The first line defines the IPv6 subnet (carved out of my /48) which will be passed out to the clients (2001:db8:1234:1::/64).  The second pushes a route for my LAN IPv6 to the client (sort of redundant really, but I wanted it there in case I want to omit the third line in certain situations), and the third is basically a default route for IPv6 traffic.  In cases where I already have IPv6 connectivity, I can easily delete the "default route" on the client side so I just use the VPN for my IPv6 LAN only.

On the client side, I got the modified windows install from Gert's site which supports IPv6 transport and installed that on my Win 7 laptop.  The configuration file that works for IPv4 can pretty much be left alone and work. 

But unfortunately for whatever reason, the IPv6 address and route for the VPN client network is not removed when disconnecting, so I created a simple "down" script to remove these upon disconnection.  If you don't do this, you have to remove them by hand before trying to connect again, or the client will fail when it can't add the routes and addresses ('cause they're already there).

I call the down script with this config line:
down clear_ipv6.bat

The batch file is really simple:

@echo off
REM Hose out the ipv6 config on the TAP interface since openvpn doesn't seem to do it
REM TAP interface is "Local Area Connection 2"
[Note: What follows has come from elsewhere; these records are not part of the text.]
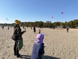 糸をどんどん伸ばして、だんだん高くなる凧を見て嬉しそうな子ども達でした❤️
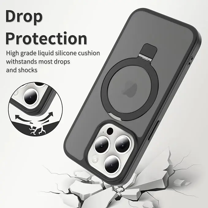 Ever fumble with your iPhone while trying to snap a pic or watch a video? Our Magnetic Ring Holder Phone Case is here to save the day! This case fits all iPhone 11 through 17 Pro Max models and offers a secure magnetic ring holder that keeps your grip strong and your phone safe from accidental drops. The durable shockproof design shields your device from everyday bumps and knocks, so you can feel confident carrying it anywhere. Plus, the built-in kickstand lets you kick back and enjoy hands-free viewing – perfect for binge-watching or video calls. Worried about wireless charging? No problem! This case is fully compatible, so you can power up without taking it off. Choose from sleek blue, classic black, or cool grey to match your vibe. Inside the box, you get one magnetic ring holder phone case tailored for your iPhone model. Ready to combine style, protection, and convenience? Grab one today and keep your phone safe and handy every day!
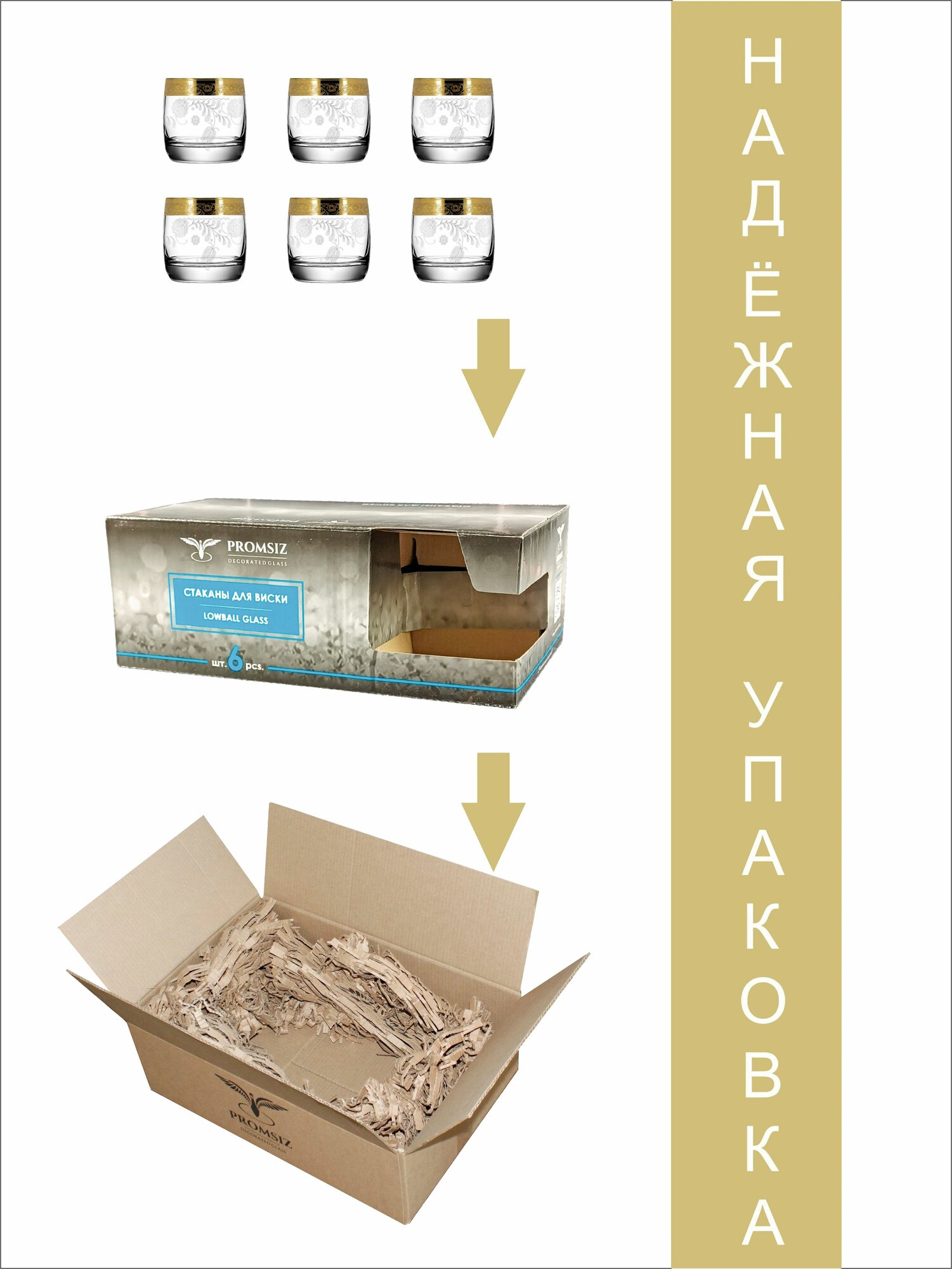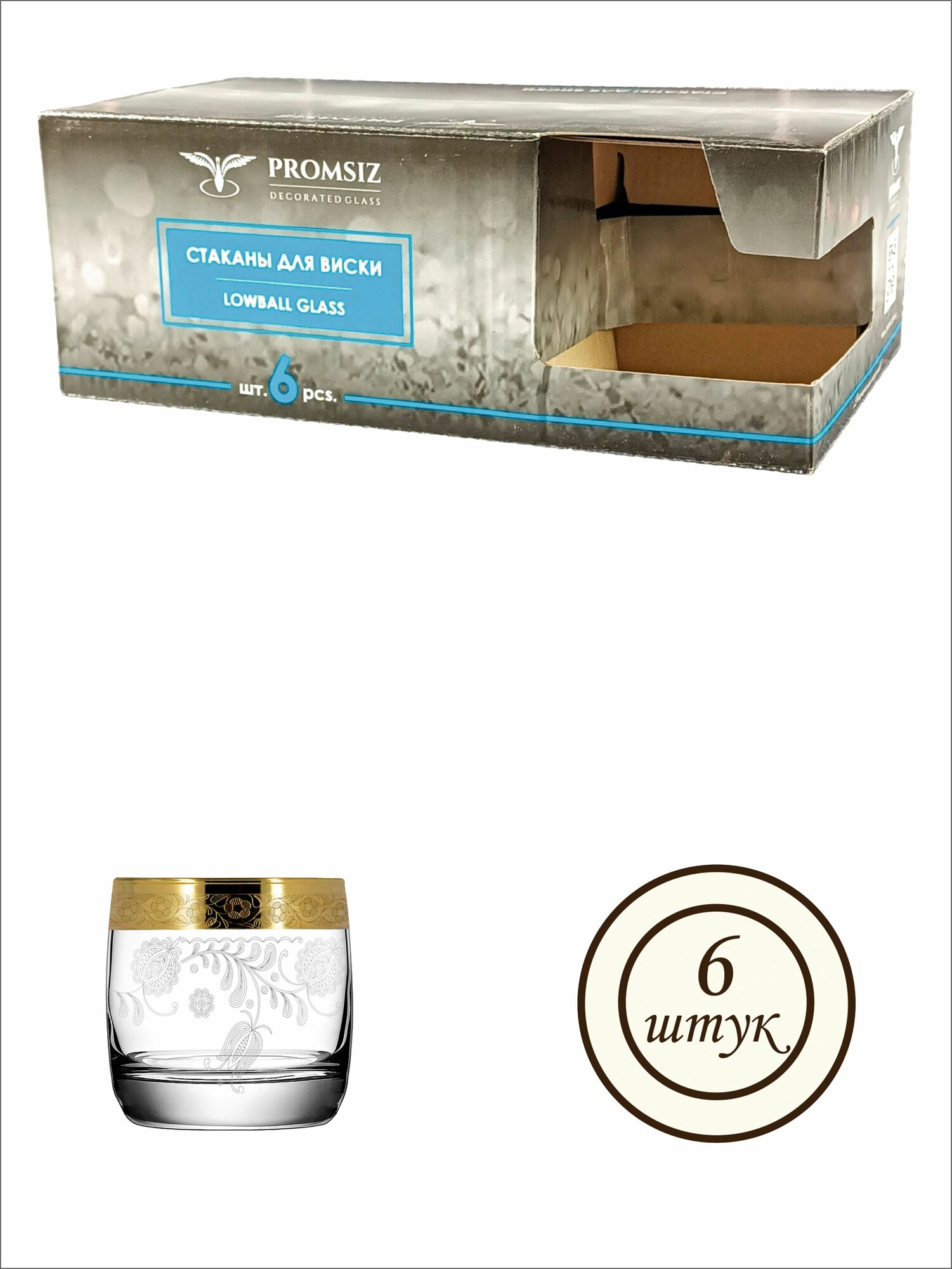 Подарочный набор стаканов для виски с алмазной гравировкой PROMSIZ Ампир 310 мл, 6 шт.

REM delete the IPv6 address from the TAP interface
netsh int ipv6 delete addr "Local Area Connection 2" 2001:db8:1234:1::1:0
REM delete the left over route
netsh int ipv6 delete route 2001:db8:1234:1::/64 "Local Area Connection 2"
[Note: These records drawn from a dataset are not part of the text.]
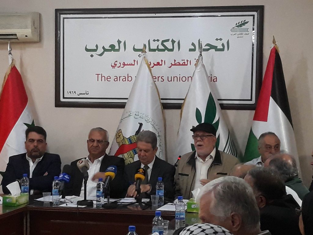 كما أكد د. محمد الحوراني رئيس اتحاد الكتاب العرب عن سعادته بأن يحتضن مبنى الاتحاد هذه الفعالية التي تعني الشيء الكثير لكل شريف ينتصر للقضية الفلسطينية، مؤكداً فشل المشروع الصهيوني المجرم ومحاولات تغييب هذه القضية عن وجدان أبناء الأمة، وفشل محاولات التطبيع مع هذا الاحتلال المتوحش.
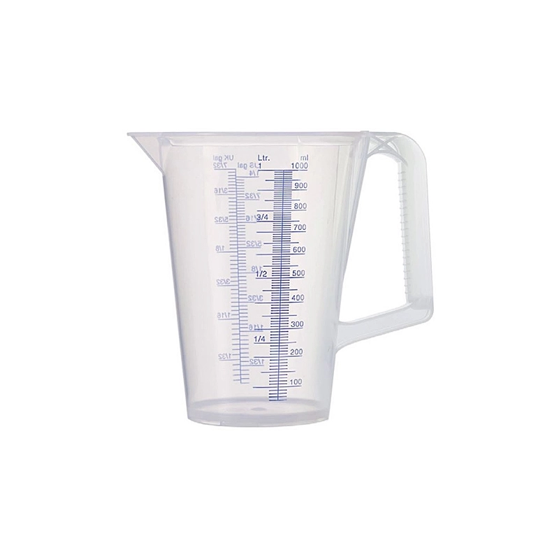 Stabili ed infrangibili, resistenti ad oli e acidi leggeri. Bordo con rialzo di sicurezza. Scala in rilievo. Modello = capacita' ml
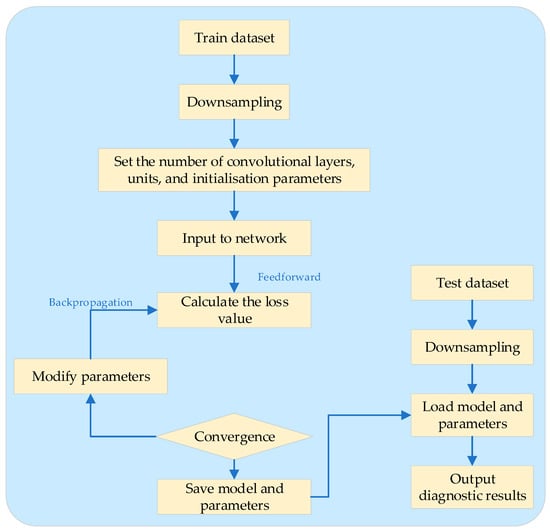 A DBN is capable of extracting meaningful fault features from feature sets constructed for specific tasks. Tamilselvan et al. [] extracted both time-domain and frequency-domain features from collected multivariate time series and applied these features to DBN training, successfully classifying aircraft engine faults. Likewise, Haizhou Chen et al. [] employed the Intrinsic Mode Functions (IMFs) derived from vibration signals processed by Ensemble Empirical Mode Decomposition (EEMD) to form a low-dimensional feature set, which they then used as DBN input.
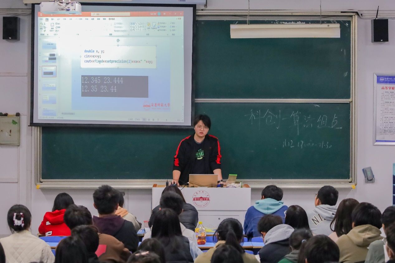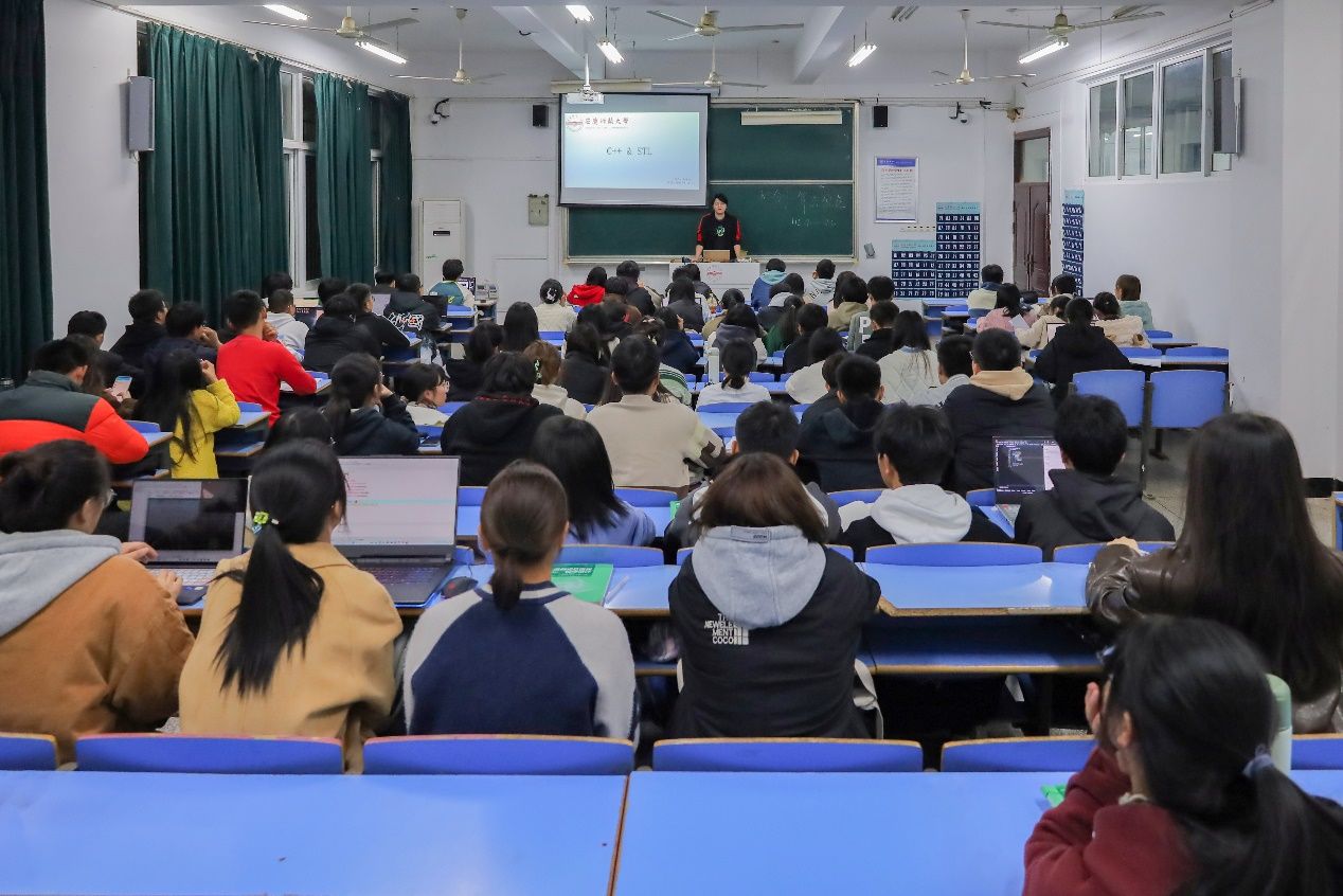 11月12日,beat365亚洲版官网于C楼105教室,开展计算机编程实操课程培训。“只需要一行代码,就可以少写几十个头文件……”课上,授课学生、计算机科学与技术(工)2021级(2)班的乔添歌正在向学生们介绍程序设计竞赛中的技巧。
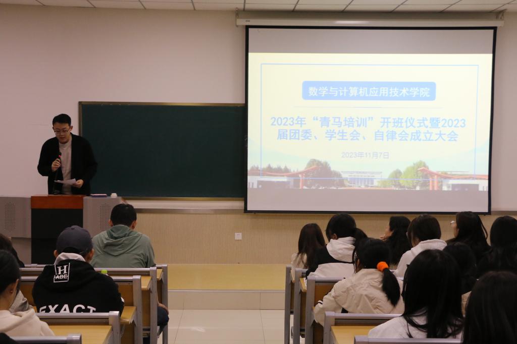 11月7日下午,数学与计算机应用技术学院在8B203教室召开2023年“青马计划”开班仪式暨2023届团委、学生会、自律会成立大会。辅导员王都主持。学院党委副书记冯秉政,团委副书记陈轶洋,及全体辅导员出席。2023届数计学院团委、学生会、自律会全体成员参加。
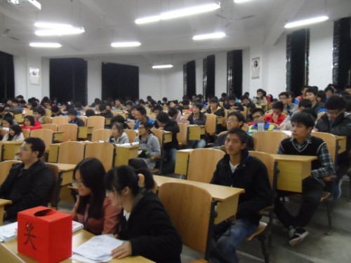 黑白直播主办的优秀学生报告团活动在雁山校区05101、05102、05103三个教室同时举行。学院全体2013级学生聆听了优秀学子的精彩宣讲。
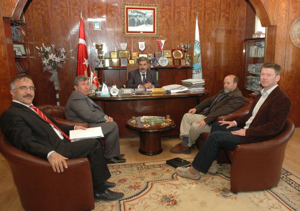 5 HAZİRAN DÜNYA ÇEVRE GÜNÜAtık Su Arıtma Tesisinin müşavirlik ihalesini alan DAHLEM Firması yetkililerinden ekip şefi Jhon Ford, Proses Mühendisi Thomas NEUGEBAUER, Saha Baş Mühendisi Arda VARIŞ Başkan Çiçek'i makamında ziyaret ettiler.
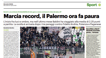 L'edizione odierna de "Il Giornale di Sicilia" si sofferma sulla marcia del Palermo. Un allenatore, si sa, ha bisogno di...
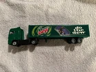 Golden Wheel Semi Trailer Mountain Dew Pepsi Co Soda Hauler Tractor Used Condition - Some wear and Scratches 2 Broken Pegs, one for the trailer stand and the one that attaches to the truck.

(for some reason Gert's mods use the 7th quad for the host address instead of the last)

Because I am using a down script, I also had to add this line to my VPN client configuration file which allows OpenVPN to use scripts:

script-security 2

That's pretty much it.  I can now use openVPN to get secure IPv4 and IPv6 access to my LAN, and IPv6 access to the internet (via my LAN and home internet connection) when I need it.

kriteknetworks

jimb: I'm currently trying to get the Windows Gert ipv6 installation to work as a client, but if I use an ipv6 IP, with and without [], or an ipv6 only fqdn for remote, openvpn.exe spits out:

Wed Nov 16 02:10:17 2011 us=19000 RESOLVE: Cannot resolve host address: address_here_as_described_above: [NO_DATA] The requested name is valid but does not have an IP address.

Same client config works fine using ipv4 IP or hostname for remote.

The Windows openvpn version is: OpenVPN 2.2.0 i686-pc-mingw32 [SSL] [LZO2] [PKCS11] [IPv6 payload 20110522-1 (2.2.0)] built on May 22 2011
Windows 7 Ultimate, 32 bit

I've googled this for a few hours, and what little I can tell is the claims that the ipv6 side of things can't resolve dns, no idea why since ipv4/6 resolves fine elsewhere, the recursor itself is on v4, ipv6 in Windows works fine...

Any thoughts?

jimb

If I understand correctly, you're trying to do an OpenVPN connection using IPv6 as a transport for the tunnel traffic.  I'm not sure if this is supported in OpenVPN or not.

I'm not doing the same thing.  My OpenVPN connection is over IPv4, and simply allows IPv6 and IPv4 to be tunneled across the VPN.  I'm not trying to actually establish a tunnel link over IPv6.  That's still transported via IPv4.